Ultimately, Bigfoot has been kidnapped by the locals, and the prickly McNabb isn't too happy with how the big man has been treated since. "More so than usual, the facts of this case are clouded by 'folklore' additions, namely the lab incident, insane scientist, and the ax murderer in search of lovers' lane victims. It seems as if the typical boogeyman stereotype was merged with authentic historic Bigfoot activity, and the conglomeration was so complete that to this day many researchers look over Goatman stories....I'd say that a closer look into the Goatman legend is justified, and in reality, Goatman may be a Bigfoot population with an unfortunate name and some unfortunate stigmas attached." Young punks like Opsasnick and Roman, Hayden and Gheen surely weren't as innocent and virginal as, say, Potsie and Ralph Malph, but there is just no goddamn way they were anything like 16-year-old Lanham resident Richard Ringeisen, either. The high school sophomore—his current place of study goes specifically unspecified—is the editor and publisher of "Mr. Fulci's Horror Site," a thoroughly alarming Web page. With his lanky gait, pale complexion, and straight brown hair parted down the middle and tucked behind his ears—and, of course, his unquenchable thirst for all things crimson, raw, and gutted—Ringeisen is the natural heir to the Goatman legend, and one of the very best reasons for why Strange's Chorvinsky believes Goatman will still be slicin' and dicin' his way through the public consciousness two decades from now.
Named after the late Italian blood 'n' guts director Lucio Fulci, Ringeisen's Web site is a sprawling endeavor of nasty links, gruesome film reviews, twisted quotes, and a complete list of his coveted movie collection—certainly a grimy window into his troubled mind—which include, in no particular order of importance, Cannibal Holocaust, Chopping Mall, The Mutilators, Ed and His Dead Mother, Buried Alive, Autopsy 2, Hide and Go Shriek, Autopsy 3, Rabid Grannies, Night of the Scarecrow, Ozone: Attack of the Redneck Mutants, and, perhaps not so out of place, three Gallagher comedy tapes.

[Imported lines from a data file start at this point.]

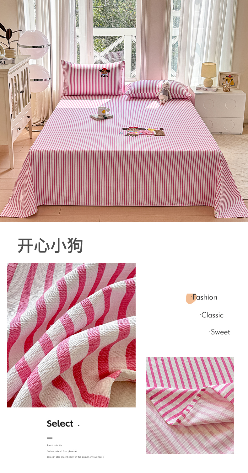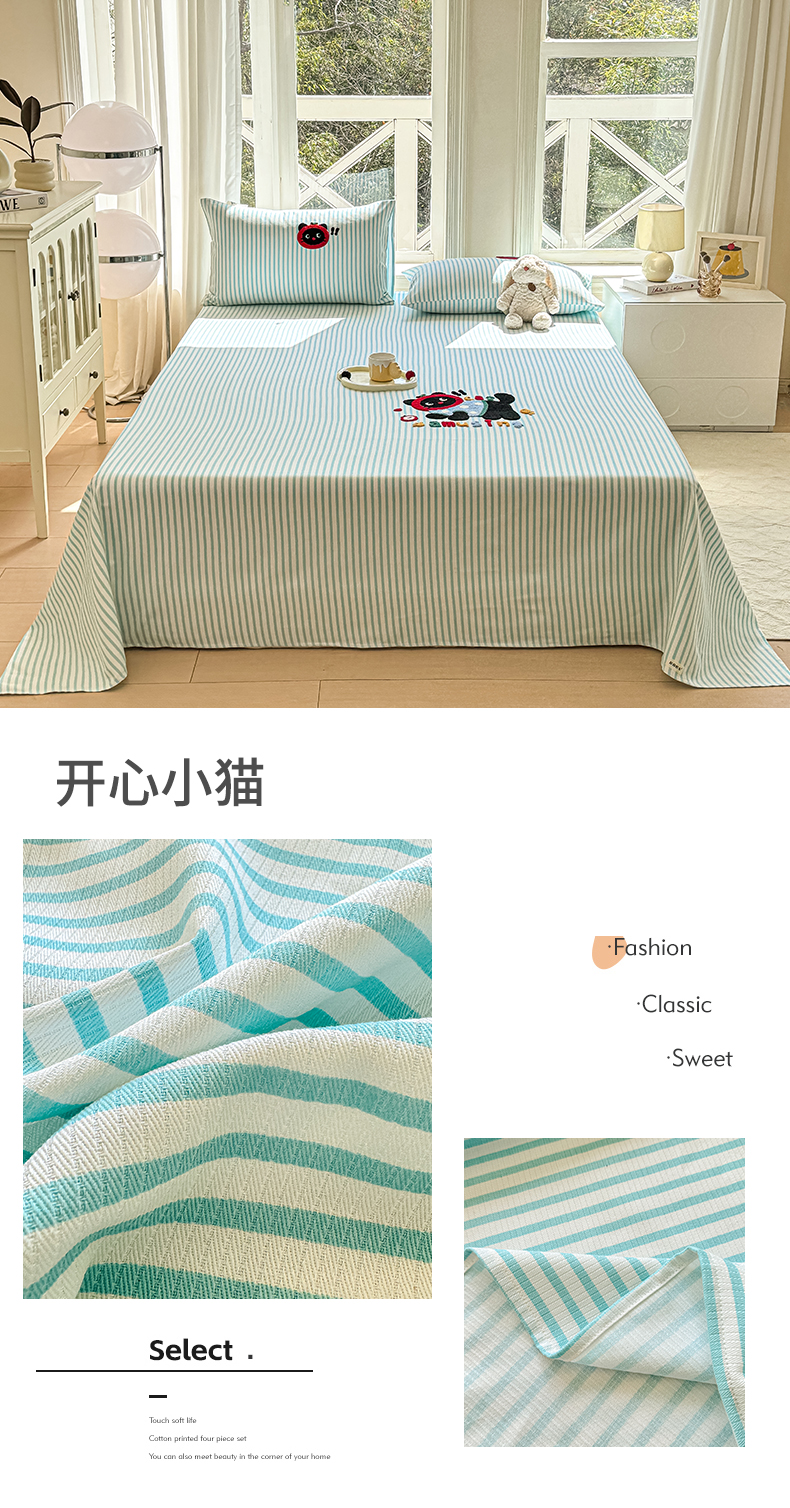 (总)居眠 2025新款全棉纯棉老粗布印花席子凉席床单床笠,Hello Kitty,哈巴狗,黑色格纹,红格纹,灰色线条,蓝纹条,青色花,温妮莎,组合图仅供展示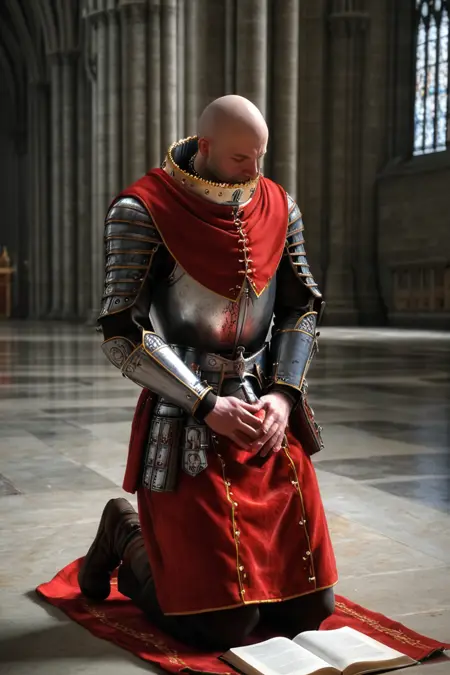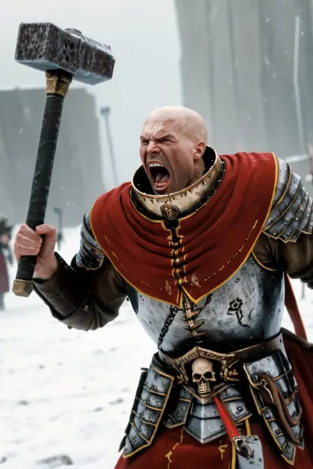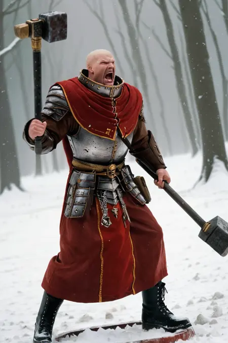 bald, male, war hammer, armor, capelet, book on waist, hammer symbol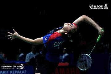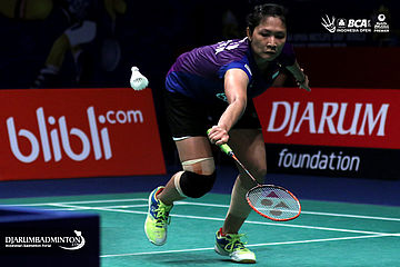Gregoria Mariska (Indonesia) mengembalikan shuttlecock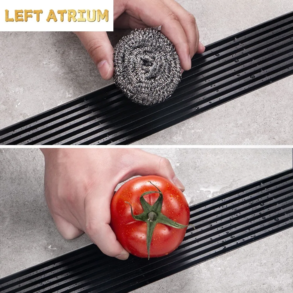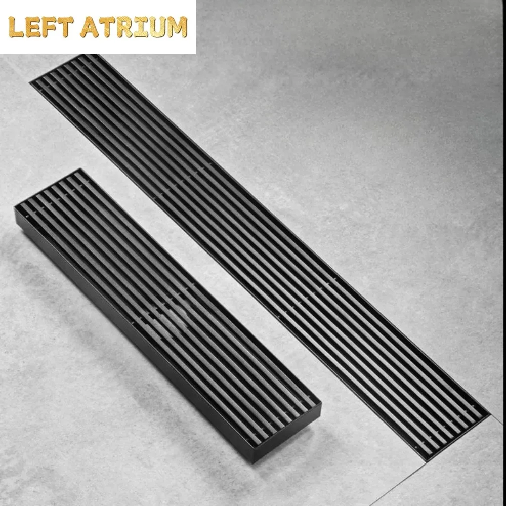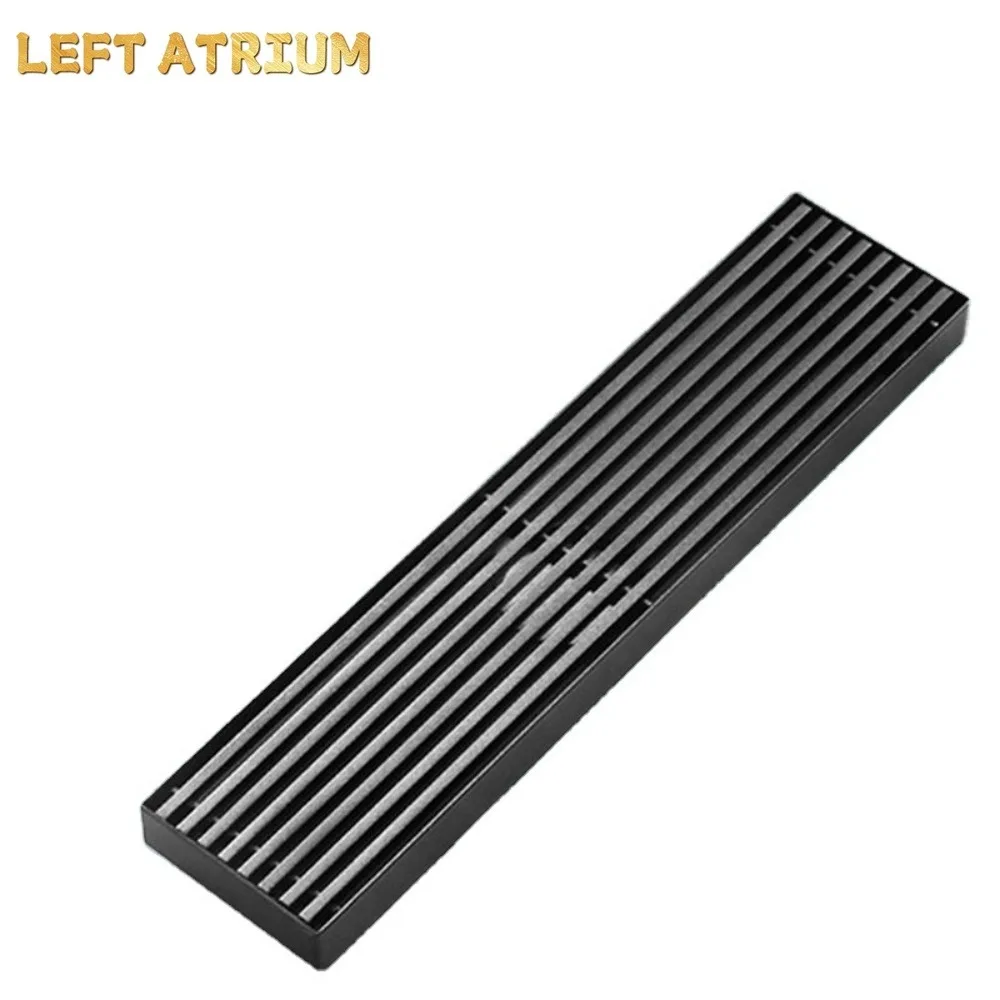 รางระบายน้ำยาวสีดำ สแตนเลส รางระบายน้ำแบบขยายสำหรับห้องอาบน้ำ กลางแจ้ง ระบายน้ำได้ปริมาณมาก

Mr. Fulci's also includes a section titled Macabre Maryland—Ringeisen pronounces this "Mac-a-bray Maryland"—which focuses on the Free State's bloodiest murders and coolest urban legends. Goatman occupies hallowed ground here. Right next to Sam Sheinbein. "Yeah," Ringeisen says with fresh life in his eyes, "I'm trying to get some more Sheinbein stuff for the site right now."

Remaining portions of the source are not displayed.